[WHAT TO WORK ON]: Your output should be the lines below from the one holding "Samsung saat ini" through the one holding "Il pozzo sacro", transcribed exactly, with no pictures.

[DATA EXCERPTS]:
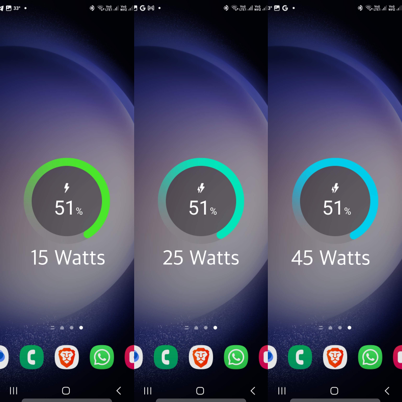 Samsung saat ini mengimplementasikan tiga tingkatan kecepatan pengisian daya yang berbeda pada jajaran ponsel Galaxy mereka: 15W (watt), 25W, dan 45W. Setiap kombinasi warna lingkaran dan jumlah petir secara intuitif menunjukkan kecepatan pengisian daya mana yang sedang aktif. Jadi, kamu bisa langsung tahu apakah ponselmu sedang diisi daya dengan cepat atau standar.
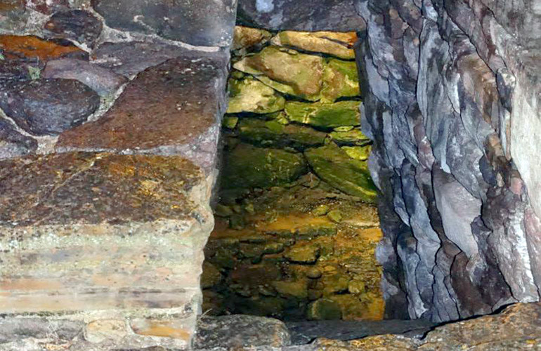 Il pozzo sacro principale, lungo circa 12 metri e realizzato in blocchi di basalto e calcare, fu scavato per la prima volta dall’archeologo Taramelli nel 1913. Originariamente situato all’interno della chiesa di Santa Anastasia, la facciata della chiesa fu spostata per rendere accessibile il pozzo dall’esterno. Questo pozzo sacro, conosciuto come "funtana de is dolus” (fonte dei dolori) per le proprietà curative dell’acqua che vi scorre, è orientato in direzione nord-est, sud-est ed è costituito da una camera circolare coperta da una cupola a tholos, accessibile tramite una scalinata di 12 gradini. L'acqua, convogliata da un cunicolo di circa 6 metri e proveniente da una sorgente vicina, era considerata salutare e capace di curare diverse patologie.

--

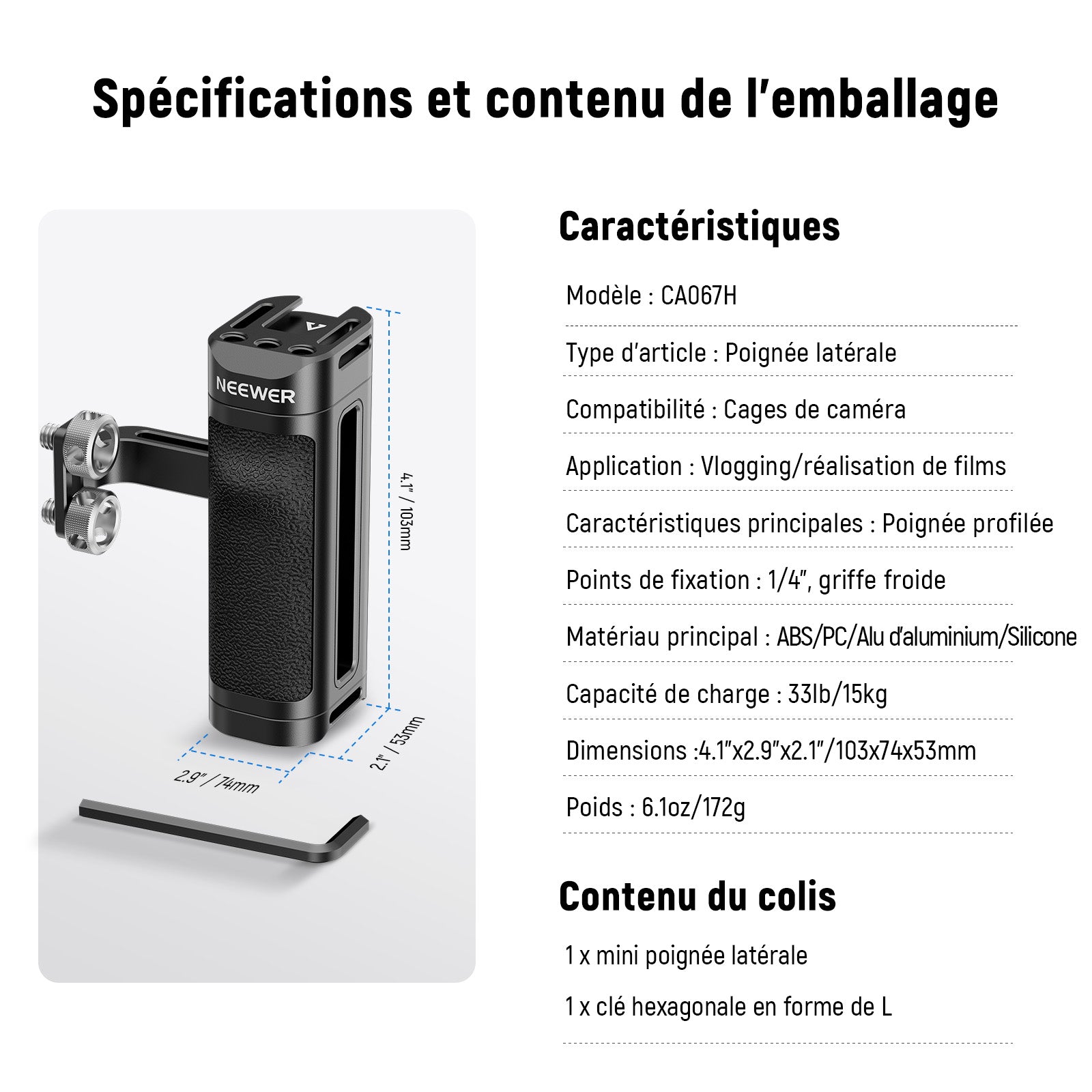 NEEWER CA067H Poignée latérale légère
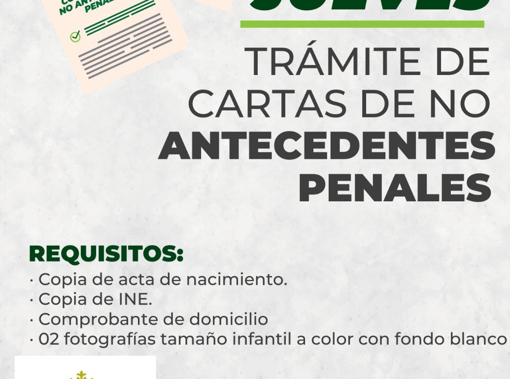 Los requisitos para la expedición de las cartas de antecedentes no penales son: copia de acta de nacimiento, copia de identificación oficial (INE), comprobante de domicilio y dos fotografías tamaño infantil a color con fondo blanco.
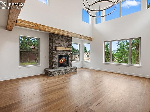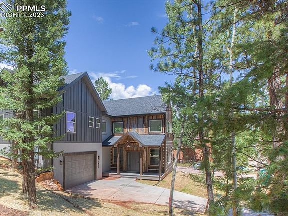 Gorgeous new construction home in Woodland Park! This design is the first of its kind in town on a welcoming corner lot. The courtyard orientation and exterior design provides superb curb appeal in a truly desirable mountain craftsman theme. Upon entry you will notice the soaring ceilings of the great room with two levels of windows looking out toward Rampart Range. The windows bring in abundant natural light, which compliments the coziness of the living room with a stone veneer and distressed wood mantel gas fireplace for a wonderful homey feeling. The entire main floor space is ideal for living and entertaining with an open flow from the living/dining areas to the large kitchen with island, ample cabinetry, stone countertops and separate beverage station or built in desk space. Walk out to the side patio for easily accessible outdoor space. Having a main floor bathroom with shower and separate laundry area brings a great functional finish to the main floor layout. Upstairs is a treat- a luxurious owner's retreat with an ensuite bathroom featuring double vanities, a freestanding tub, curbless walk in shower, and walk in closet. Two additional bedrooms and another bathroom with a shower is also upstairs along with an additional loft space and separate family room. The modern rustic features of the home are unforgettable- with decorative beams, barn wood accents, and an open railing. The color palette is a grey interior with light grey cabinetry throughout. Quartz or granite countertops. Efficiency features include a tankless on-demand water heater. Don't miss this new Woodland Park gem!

[EXERCISE RESULT]:
 Samsung saat ini mengimplementasikan tiga tingkatan kecepatan pengisian daya yang berbeda pada jajaran ponsel Galaxy mereka: 15W (watt), 25W, dan 45W. Setiap kombinasi warna lingkaran dan jumlah petir secara intuitif menunjukkan kecepatan pengisian daya mana yang sedang aktif. Jadi, kamu bisa langsung tahu apakah ponselmu sedang diisi daya dengan cepat atau standar.
 Il pozzo sacro principale, lungo circa 12 metri e realizzato in blocchi di basalto e calcare, fu scavato per la prima volta dall’archeologo Taramelli nel 1913. Originariamente situato all’interno della chiesa di Santa Anastasia, la facciata della chiesa fu spostata per rendere accessibile il pozzo dall’esterno. Questo pozzo sacro, conosciuto come "funtana de is dolus” (fonte dei dolori) per le proprietà curative dell’acqua che vi scorre, è orientato in direzione nord-est, sud-est ed è costituito da una camera circolare coperta da una cupola a tholos, accessibile tramite una scalinata di 12 gradini. L'acqua, convogliata da un cunicolo di circa 6 metri e proveniente da una sorgente vicina, era considerata salutare e capace di curare diverse patologie.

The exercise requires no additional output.